EXERCISE DATA:

------------------------------------------------------------

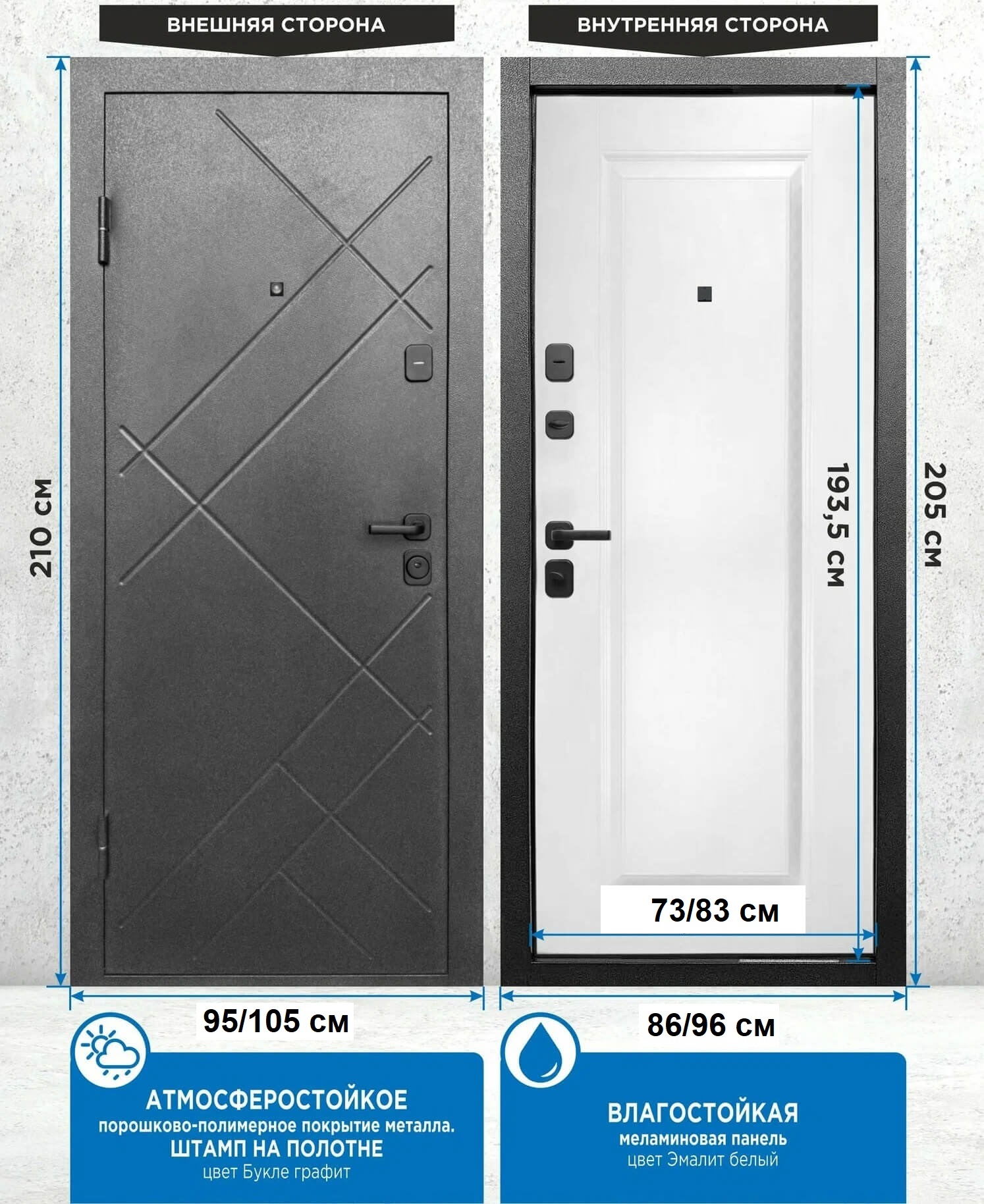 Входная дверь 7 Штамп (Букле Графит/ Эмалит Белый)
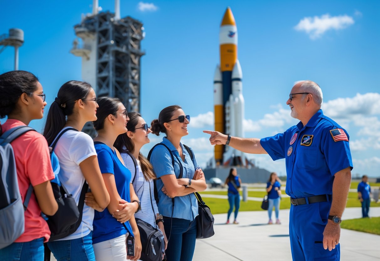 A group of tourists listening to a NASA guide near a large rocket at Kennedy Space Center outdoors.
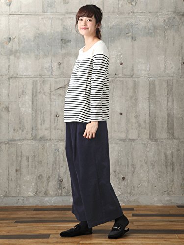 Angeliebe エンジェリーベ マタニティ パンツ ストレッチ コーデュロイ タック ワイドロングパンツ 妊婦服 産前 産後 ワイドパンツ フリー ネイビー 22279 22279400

------------------------------------------------------------

WORK INSTRUCTIONS:
Please give back every line above exactly as it stands, without pictures.

ANSWER SECTION:
 Входная дверь 7 Штамп (Букле Графит/ Эмалит Белый)
 A group of tourists listening to a NASA guide near a large rocket at Kennedy Space Center outdoors.
 Angeliebe エンジェリーベ マタニティ パンツ ストレッチ コーデュロイ タック ワイドロングパンツ 妊婦服 産前 産後 ワイドパンツ フリー ネイビー 22279 22279400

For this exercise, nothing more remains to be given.